Под ударением - Сьюзен Зонтаг
В кино Фасбиндера множество Биберкопфов – жертв искаженного сознания. А материал Берлин, Александерплац проступает во всех его фильмах, повторяющаяся тема которых – исковерканная жизнь и маргинальное существование мелких преступников, проституток, трансвеститов, работников-иммигрантов, депрессивных домохозяек, рабочих с лишним весом, стоящих у последней черты. Как частный случай, ужасающим сценам скотобойни в Берлин, Александерплац предшествовали кадры бойни в фильмах Малолетка и В год тринадцати лун. Но Берлин, Александерплац – это больше чем сборник главных тем режиссера. В этом фильме – свершение, а также истоки его творчества.
В статье, написанной в марте 1980 года, ближе к завершению десяти месяцев съемок Берлин, Александерплац, Фасбиндер заявил, что впервые прочитал роман Дёблина, когда ему было четырнадцать или пятнадцать, и мечтал снять по книге фильм с начала своей карьеры. Это был роман его жизни – режиссер писал, что духом книги пропитаны его собственные фантазии, – а главный герой стал альтер эго Фасбиндера. Нескольким героям своих фильмов он дал имя Франц; он назвал Францем Биберкопфом главного героя Кулачного права свободы – роль, которую сыграл сам. Говорят, что Фасбиндер хотел сыграть Биберкопфа и в Берлин, Александерплац. Он этого не сделал; но сделал нечто столь же уместное. Он стал Дёблином – голосом рассказчика. Дёблин вездесущ в своей книге, комментируя и сокрушаясь о судьбе персонажей. В фильме также звучит закадровый голос – голос романа, так сказать, – и это голос Фасбиндера. Таким образом, мы слышим множество параллельных историй, например о жертвоприношении Исаака, так или иначе связанных с романом. Фасбиндер сохраняет экстравагантную энергию сумрачных раздумий Дёблина, не нарушая повествовательного темпа. Голос используется не в качестве «антинарративного» средства, как в фильмах Годара, а для усиления повествования; не с тем чтобы отдалить зрителя, а чтобы побудить его к сопереживанию. История развивается самым непосредственным образом.

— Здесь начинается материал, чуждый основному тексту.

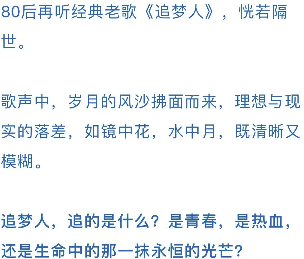 80后再听《追梦人》,歌声依旧动听,但心中的滋味已不同。

Берлин, Александерплац – не «метафильм», как Гитлер Ханса-Юргена Зиберберга; Фасбиндеру вовсе не присуща свойственная Зибербергу эстетика грандиозного – при всей длительности Берлин, Александерплац и уважении режиссера к высокой культуре. Это фильм-повествование, но – настолько длинный: в фильме ведется рассказ, помещенный в исторические декорации конца 1920-х годов, и в нем занято более ста актеров (многие роли исполняют актеры из труппы Фасбиндера) и тысячи статистов. Франца Биберкопфа играет пятидесятитрехлетний театральный актер Гюнтер Лампрехт, который ранее исполнил несколько ролей второго плана в фильмах Фасбиндера. Сколь бы превосходна ни была игра, скажем, Барбары Зуковой в роли Мицци и Ханны Шигуллы в роли Евы, всех затмевает Биберкопф Лапрехта – трогательное, изумительно экспрессивное исполнение, не уступающее ролям Эмиля Яннингса или Ремю.

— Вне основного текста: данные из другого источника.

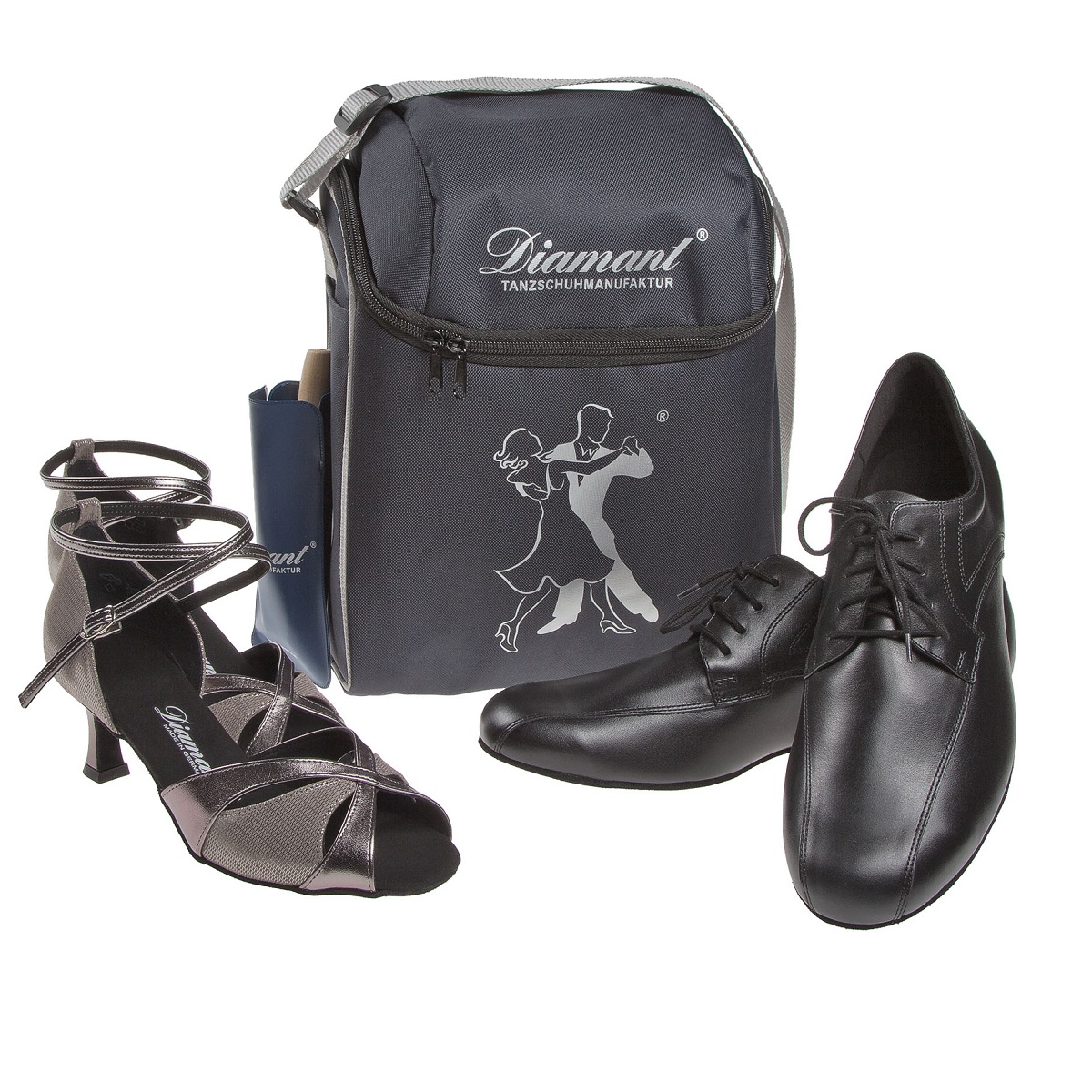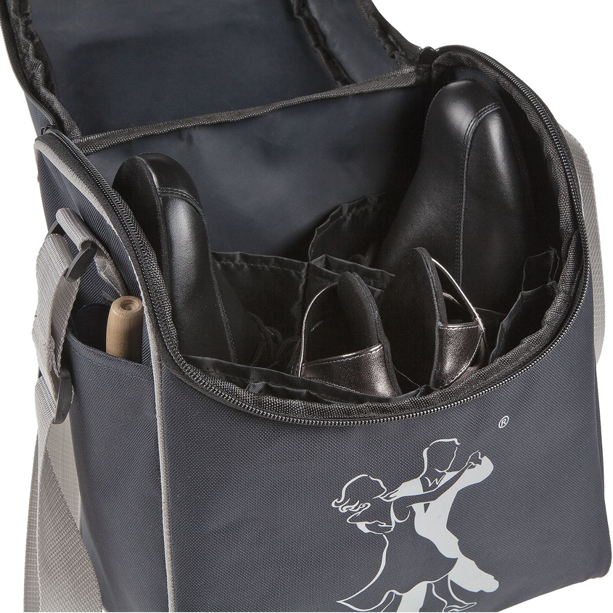 Eine blaue Schuhtasche mit Trageriemen zum Umhängen. Die Tasche ist für die Aufbewahrung und den Transport für 1-2 Paar Schuhe und Zubehör geeignet. Ein herausnehmbarer Kratzschutz schützt die Schuhe vor gegenseitiger Reibung.

Хотя выход на экраны фильма Фасбиндера стал возможным благодаря телевидению (совместное производство немецкого и итальянского ТВ), Берлин, Александерплац – это не телесериал. Сериал строится на «эпизодах», которые предназначены для просмотра с известным интервалом – скажем, раз в неделю, как старые послеобеденные киносериалы по субботам (Фантомас, Злоключения Полины, Флэш Гордон). Части Берлин, Александерплац – в действительности, не эпизоды: фильм, так сказать, съеживается, если просматривать его на протяжении четырнадцати недель (так я впервые смотрела фильм по итальянскому ТВ). Презентация в кинотеатре – пять сегментов по три часа каждый в течение пяти недель подряд – это, безусловно, лучший из возможных способов показа. Но еще лучше было бы посмотреть весь фильм в течение трех-четырех дней. Чем больше посмотрит зритель за раз, тем лучше, именно так, как мы читаем длинный роман, – с наибольшим удовольствием и свежестью восприятия. В Берлин, Александерплац кино, это гибридное искусство, наконец-то достигло расширительных, открытых форм и кумулятивной мощи романа, осмелившись на длительность, превосходящую любой другой фильм, – и на театральность.
1983
Заметки о бунраку
Искусство лежит в узкой области между реальным и ирреальным… оно ирреально и всё же не ирреально; оно реально и всё же нереально.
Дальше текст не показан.